IRVING, Tex. -- Hillary Rodham Clinton, a likely presidential candidate in 2016, outlined here Monday a vision for higher education globally and in the United States that would focus more on the disadvantaged and those who need postsecondary training, but not necessarily a four-year degree.
Clinton, the former secretary of state, senator and first lady, spoke at the Globalization of Higher Education conference organized by Academic Partnerships, which recently unveiled a "Specializations" initiative in which academic programs from American colleges will be translated and offered online in countries worldwide where English is not the primary language.
In her review of the needs of higher education in the developing world, Clinton strongly endorsed the idea of partnerships between American colleges and universities and their counterparts in other countries, and of online education. But she cautioned that new approaches to higher education may be needed at home and abroad, and that there may be limits (at least today) on the quality of online education.
American institutions seeking to work abroad need to ask what kinds of education "will make the biggest difference in a particular country or community," Clinton said. And in much of the world, that means resisting the temptation to simply reproduce "the extraordinary institutions" of higher education in the United States. In much of the world, she said, basic education and skills training is what is needed, Clinton said. In other countries, experiencing more rapid economic growth, education in "a specific sector," such as clean energy, may be the most important contribution.
Clinton also said that a problem she sees in much of the world is that countries have an elementary and secondary system, and a research university, but "no levels in between ... nothing like technical schools or community colleges." She said that building these kinds of models may be one of the most important contributions American higher education can offer.
When turning to the United States, she argued that American society "needs to reorient our social expectations and the signals we send" about the value associated with different kinds of degrees.
She said that it is time to "redefine higher education" so that more see the value of non-bachelor's-degree programs. "Just because a job requires certain technical skills and not a bachelor's degree" should not lead to a devaluing of those jobs or the relevant training, she said.
On online education, Clinton spoke of its potential, but without quite the enthusiasm of some of the other speakers here (such as MOOC proponent Tom Friedman) and with caveats that one doesn't typically hear from the technophile Obama administration.
She talked about the potential of online education to provide the best American education to students who might never come to the United States. But she said that as of March 2014, there is “no substitute for the kind of learning that takes place in a well-taught classroom."
She said that online education could provide the kinds of "world-class" education currently available in Cambridge, Mass., or Cambridge, England, elsewhere, but she quickly added "but it has to be a world-class education.... We must have a system of accountability."
Online education, Clinton added, can "open doors" for many students, and may offer as high quality an education as anything in some fields or for some students.
"But technology is a tool, not a teacher,” she said. "It cannot replace laboratory-based experiments." And she questioned whether it could do as good a job as a teacher in encouraging creativity.
She also stressed that American higher education needs to preserve its emphasis on promoting creative thinking. The reason American higher education is "the global gold standard," she said, is that "we still value students thinking creatively, innovating and questioning authority.” She said that these qualities are “part of the American DNA that remains an American advantage."
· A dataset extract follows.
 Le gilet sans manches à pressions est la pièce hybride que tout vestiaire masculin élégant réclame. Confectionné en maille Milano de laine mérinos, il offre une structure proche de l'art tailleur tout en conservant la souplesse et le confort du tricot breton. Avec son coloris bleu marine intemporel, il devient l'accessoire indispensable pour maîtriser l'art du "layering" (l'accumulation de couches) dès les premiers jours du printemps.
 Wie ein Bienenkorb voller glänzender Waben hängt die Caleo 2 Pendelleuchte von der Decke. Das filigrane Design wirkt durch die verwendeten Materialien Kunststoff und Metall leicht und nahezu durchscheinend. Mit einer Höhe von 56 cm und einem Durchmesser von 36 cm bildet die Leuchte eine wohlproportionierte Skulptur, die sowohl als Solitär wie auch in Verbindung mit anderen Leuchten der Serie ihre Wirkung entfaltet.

As she frequently does in her public appearances, Clinton spoke of the importance of providing full educational opportunities to women all over the world. But while she noted considerable progress in the United States in the availability of educational opportunities for women, she drew attention to inequities. She noted that women make up a majority of undergraduates, but only a small minority of those majoring in computer science.
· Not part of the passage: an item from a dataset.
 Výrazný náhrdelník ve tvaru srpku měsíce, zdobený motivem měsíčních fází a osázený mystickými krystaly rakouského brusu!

Clinton told a story she has frequently recalled in the past as a sign of progress. After she was admitted to the law schools of Harvard and Yale Universities, Clinton said, she attended a reception at Harvard where a friend introduced her to a law professor there and asked for his thoughts on whether Clinton should enroll there or at the law school's "closest competitor."
The law professor replied that Harvard law didn't have a close competitor -- and didn't need any more women. Clinton enrolled at Yale.
While she noted (as she has in the past) that this shows how much progress has been made, she also gave a less optimistic interpretation to the story than she sometimes has in the past. There are still professors like that, she suggested. Of the professor's comment, she said that "some might think it, but they wouldn’t be so politically incorrect as to say it."